Supremum of Lower Sums Never Greater than Upper Sum

From ProofWiki
Jump to navigation Jump to search


Let $\left[{a \,.\,.\, b}\right]$ be a closed real interval .

Let $f$ be a bounded real function defined on $\left[{a \,.\,.\, b}\right]$.

Let $S$ be a finite subdivision of $\left[{a \,.\,.\, b}\right]$.

Let $U \left({S}\right)$ be the upper sum of $f$ on $\left[{a \,.\,.\, b}\right]$ with respect to $S$.

Let $L \left({P}\right)$ be the lower sum of $f$ on $\left[{a \,.\,.\, b}\right]$ with respect to a finite subdivision $P$.

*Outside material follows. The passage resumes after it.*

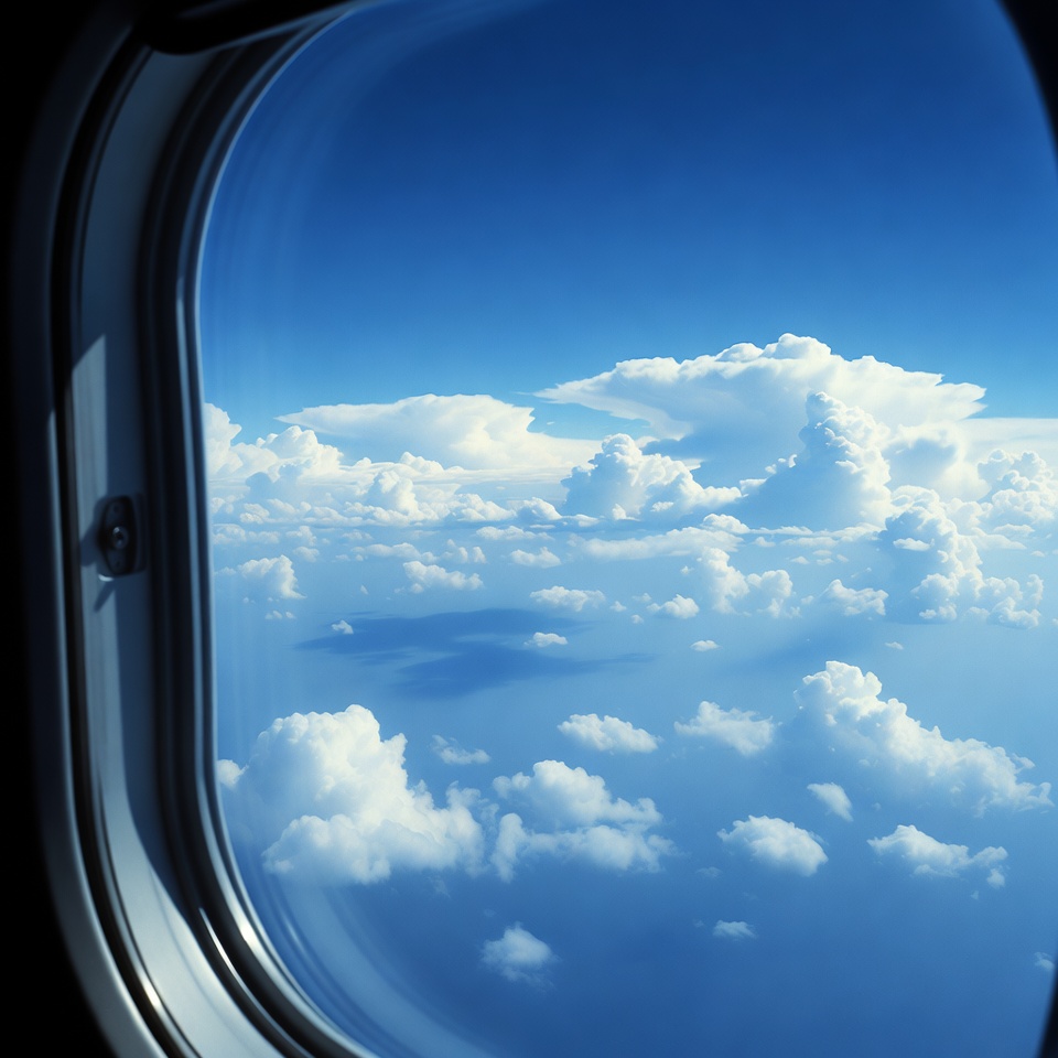 aerial view, aircraft window, airplane view, aviation, blue sky, clear sky, clouds, cumulus clouds, fluffy clouds, flying, sky view, white clouds, window seat, airplane window

$\sup_P L \left({P}\right) \le U \left({S}\right)$


Upper Sum Never Smaller than Lower Sum for any Pair of Subdivisions gives that $U \left({S}\right)$ is an upper bound for the real set {$L \left({P}\right)$: $P$ is a finite subdivision of $\left[{a \,.\,.\, b}\right]$}.

Since $\sup_P L \left({P}\right)$ is the least upper bound of the same set, we find:

$\sup_P L \left({P}\right) \le U \left({S}\right)$